Mines and Minerals 40CJ § 216 p. 803 n. 95.
Vendor and Purchaser 39 Cyc. p. 1559 n. 22.
From the date of this agreement until the trial appellant was in possession of and operating the claims, but no further contract had been signed or payment made. Appellees, as plaintiffs, claimed that appellant was in default, and sought an injunction against his continued possession and operation. Appellant by cross-complaint denied any default on his part, claimed default on the part of appellees, and sought specific performance.
It being clear that the intent of the written agreement had not been performed, the main issue was as to which of the parties had defaulted. This was decided by the trial court, who made specific findings.
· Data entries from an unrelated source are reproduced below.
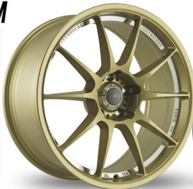
GOLD / MACHINED UNDERCUT
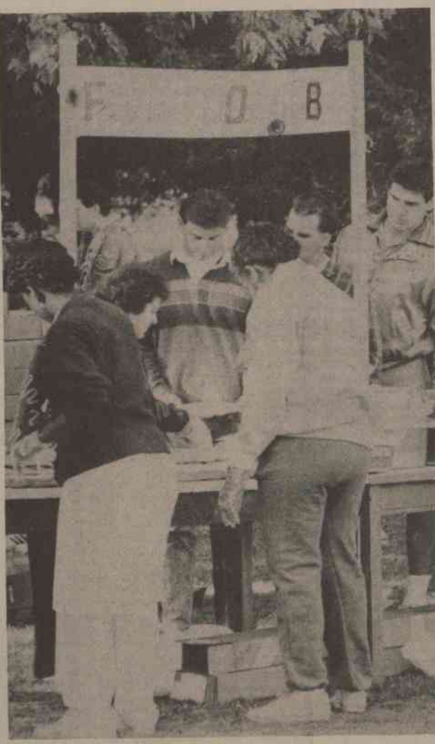
Five Foot Sub
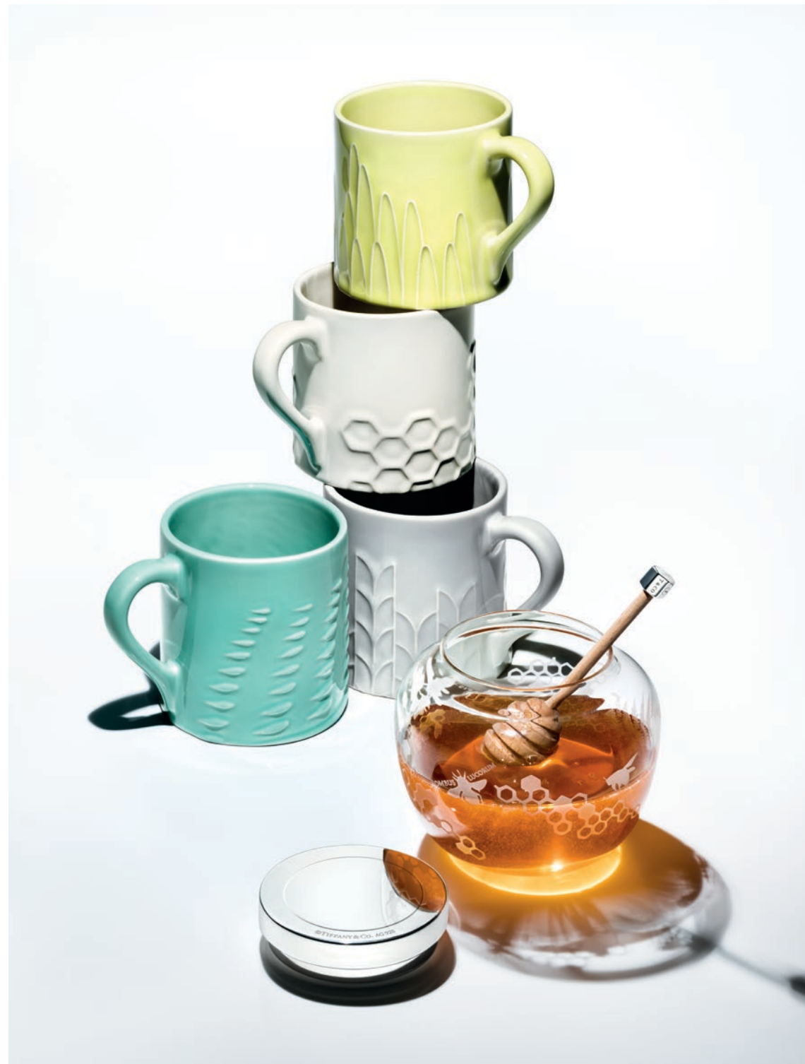
This page: Flora & Fauna designs. Opposite page: Gardening tote in canvas. Sterling silver iris watering can.
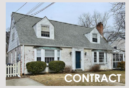
113 Granville Dr. Under Contract in just 7 days! 4BR/3BA brick Cape. $543,000.
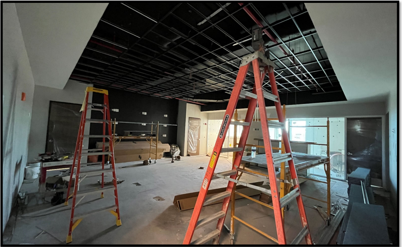
Fire Station 50 – 2 nd Floor EOC
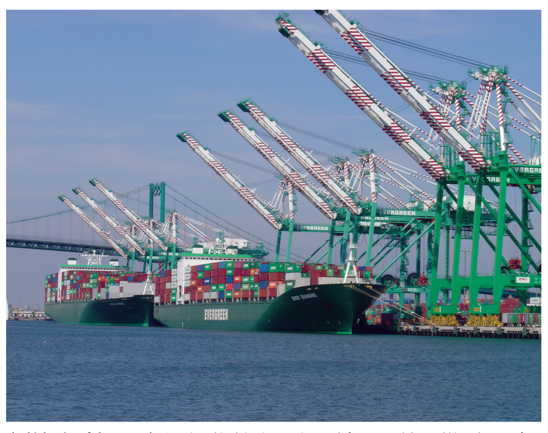
The SCEHSC, spurred by The high price of cheap goods. Container ships bring inexpensive goods from around the world into the Port of Los community concerns raised Angeles, but the pollution caused by transportation of these goods by ship, truck, and train has human health costs.
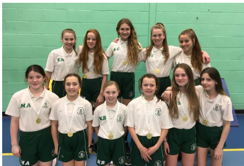
Congratulations to the Year 8 Indoor Athletics Team on being Southport and Formby Champions.
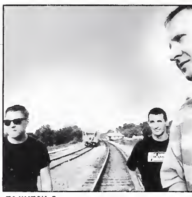
TO WATCH: Sugar
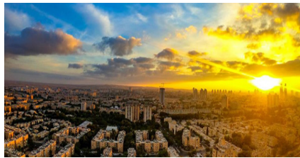
MODERN DAY BE'ER SHEVA

Yaakov's departure from the land of Canaan, along with the promise of "I Myself will also bring you back" (46:4), takes place in Be'er Sheva. This was the place where his father and grandfather both invoked Hashem's name and merited divine revelation, not to mention lived their lives and dug their wells.
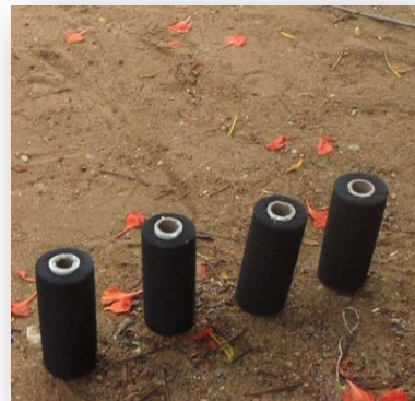
Figure 4: Tindamba cotton yarns

In Daboya, the yarns used are dyed and dried to give the yarns colour and also strengthen them. These treatments give the yarns weight and reduce their breakages during weaving. Figure 5, 6 and 7 show the Daboya dyeing processes.
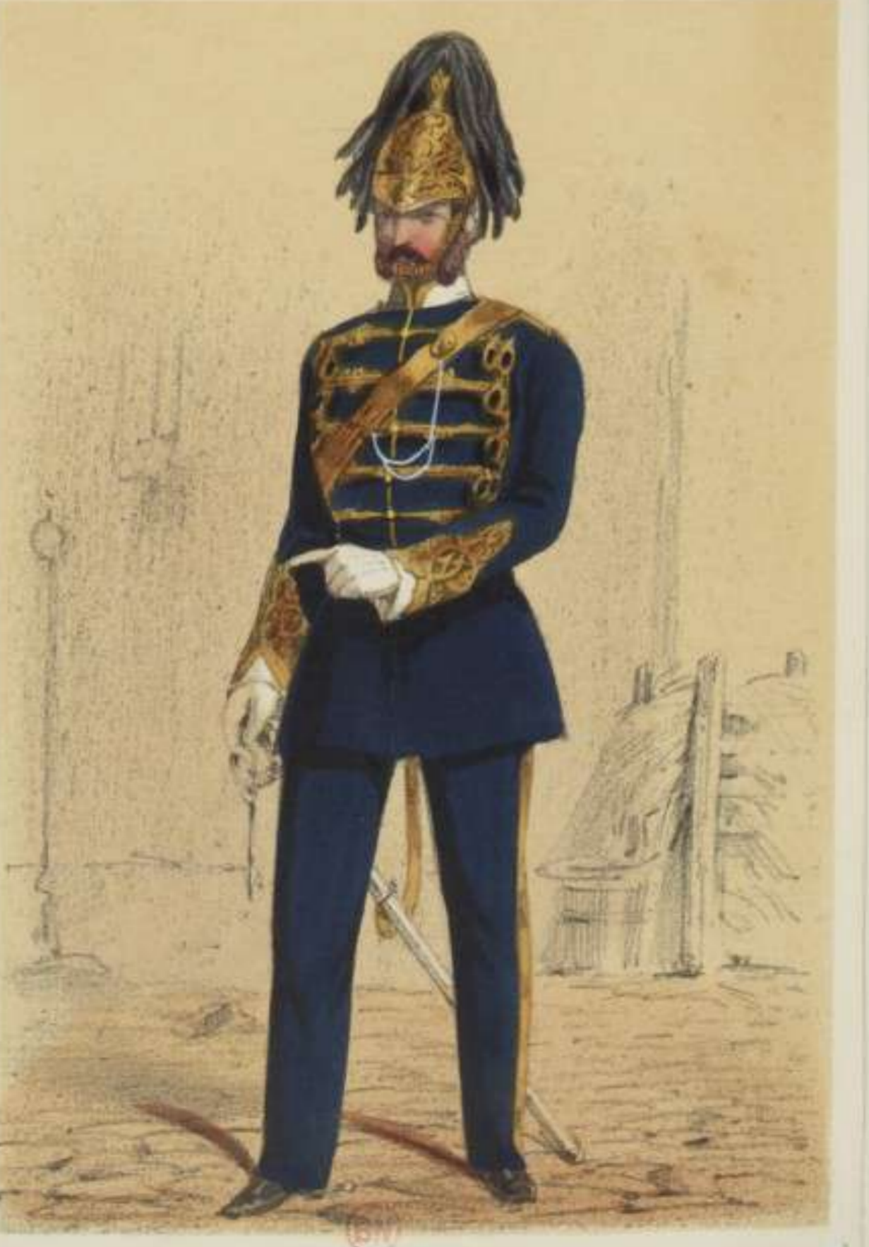
6TH DRAGOON GUARDS. (Officer)

A decree followed enjoining appellant as prayed and dismissing his cross-complaint.
Although appellant assigns 67 errors and argues 5 propositions, his position here may be reduced to a single point, viz., that appellees, being themselves in default, were not in a position to declare a forfeiture of the agreement.
[ 1] Under the first three points in his brief, appellant's contention seems to be that, as the agreement fixed no time for "signing contract" and paying the $800, it still subsists; that its obligations are mutual and concurrent; that to put either party in default the other must have performed his own obligation; and that appellees never tendered to appellant the further or complete contract evidently contemplated by the agreement. Assuming the correctness of the legal propositions, appellant is confronted with a refusal of the trial court to find with him as to the facts. The evidence seems to justify the refusal. It is true that appellees had not affixed their signatures to the contract, but it is apparent that it had been formulated and agreed upon and that appellees were ready and willing to sign as soon as appellant should produce the money. We find no merit in this contention.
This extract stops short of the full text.